Power corrections to event shapes and factorization

TL;DR

This paper investigates power corrections to event shape distributions in electron-positron annihilation, demonstrating how nonperturbative shape functions and factorization properties organize power corrections and relate to universal QCD matrix elements.

Contribution

It introduces a framework for describing power corrections to event shapes using shape functions that are universal across different observables and independent of collision energy.

Findings

Power corrections are organized by shape functions.

Shape functions are universal and energy-independent.

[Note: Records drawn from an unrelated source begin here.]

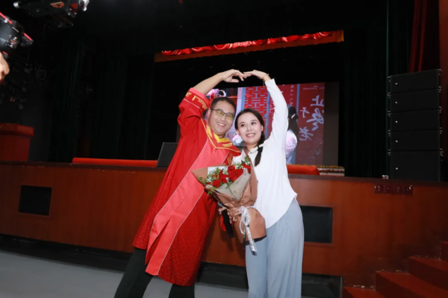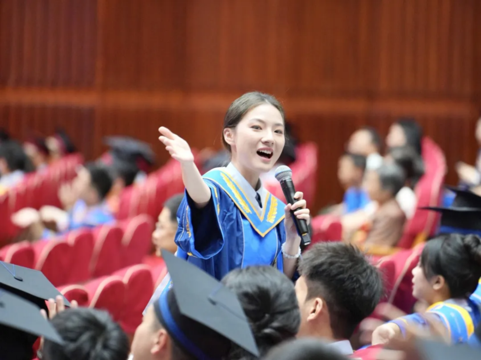 仪式开始前,精彩的暖场表演为现场营造了热烈而温馨的氛围。参与暖场表演的博士学位获得者于航的妻子易琳难掩激动:“作为国防科大2025届毕业生的家属,我此刻仍沉浸在学位授予仪式温暖、热烈的氛围中。当我站在暖场演出的舞台上,看着台下身着戎装的学子们,突然理解了爱人这些年的坚守与追求。特别感动的是,可以在这样的场合中获得大家对我们的祝福,也让我们倍感幸运。最后,衷心祝愿国防科大这所承载着热血与信仰的学府,能够以燎原之势为祖国培育更多脊梁,愿学校再谱华章!”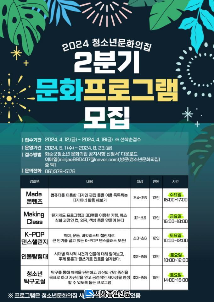 û¼Ò³â¹®ÈÀÇÁýÀ» ÀÌ¿ëÇϴ û¼Ò³â°ú ¿î¿µÀ§¿øÈ¸ÀÇ ÀǰßÀ» ¹Ý¿µÇØ ¡ãMade ÄÜÅÙÃ÷ ¡ã¡®Making Class¡¯ ¡ãK-POP ´í½º 縰Áö ¡ãÀι°Å½Çè´ë ¡ãû¼Ò³â ʱ¸ ±³½Ç 5°³ ÇÁ·Î±×·¥À» 5¿ù 1ÀϺÎÅÍ 8¿ù 23ÀϱîÁö ¸ÅÁÖ ÇØ´ç ¿äÀÏ¿¡ ¿î¿µÇÒ ¿¹Á¤ÀÌ´Ù.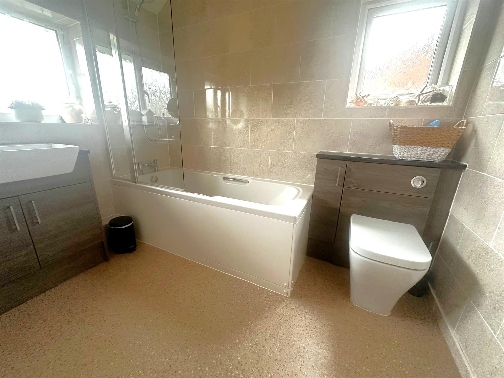 Double glazed window to rear aspect and side. Comprising a white suite of panelled bath with glazed shower screen. Fitted shower over. Vanity unit with inset wash hand basin. Built in cupboards below. Concealed flush WC with storage cupboard to side. Fully tiled with complementary tiling. Heated towel radiator.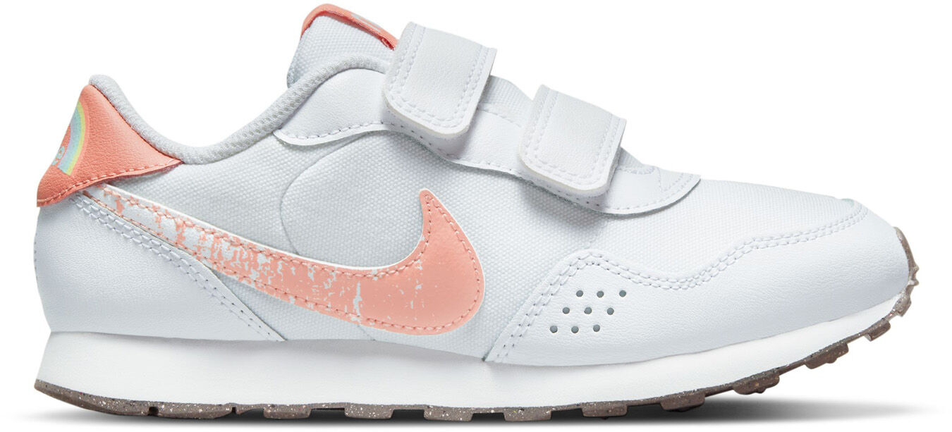 Detská obuv Nike MD Valiant SE Shoes Younger Kids s kriedovým logom a dúhou na zadnej strane. Obuv oslavuje šťastné a nádejné vibrácie, ktoré sa nachádzajú v kriedovom umení na detskom chodníku. So super jednoduchými a nastaviteľnými popruhmi na zapínanie a mäkkým penovým odpružením pod nohami prinášajú tieto každodenné topánky pohodlie pri každom skoku, hre, či voľnom čase.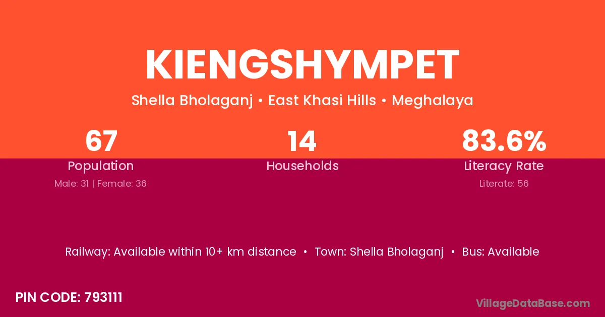 Kiengshympet village has a total population of 67 people, of which 31 are males and 36 are females.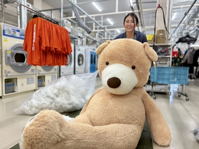 チャーター便対応の大きなぬいぐるみを綿詰め・クリーニング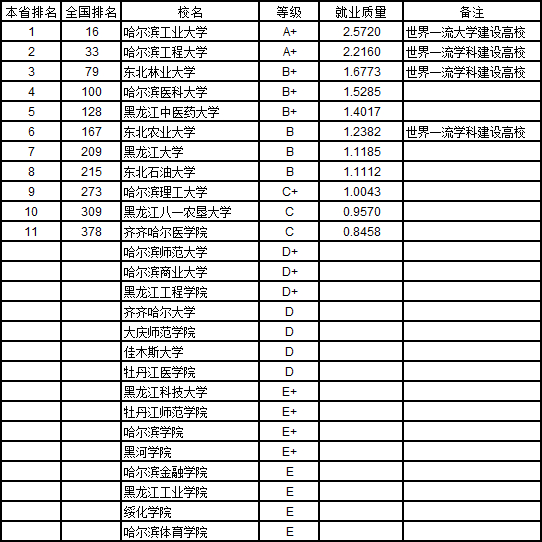 2019年评价黑龙江省26所普通本科大学,黑龙江省本科生就业质量0.9726,全国第10名。

The approach relates power corrections to energy-momentum tensor matrix elements.

Abstract

We study power corrections to the differential thrust, heavy mass and related event shape distributions in $e^+e^-$-annihilation, whose values, $e$, are proportional to jet masses in the two-jet limit, $e\to 0$. The factorization properties of these differential distributions imply that they may be written as convolutions of nonperturbative "shape" functions, describing the emission of soft quanta by the jets, and resummed perturbative cross sections. The infrared shape functions are different for different event shapes, and depend on a factorization scale, but are independent of the center-of-mass energy $Q$. They organize all power corrections of the form $1/(eQ)^n$, for arbitrary $n$, and carry information on a class of universal matrix elements of the energy-momentum tensor in QCD, directly related to the energy-energy correlations.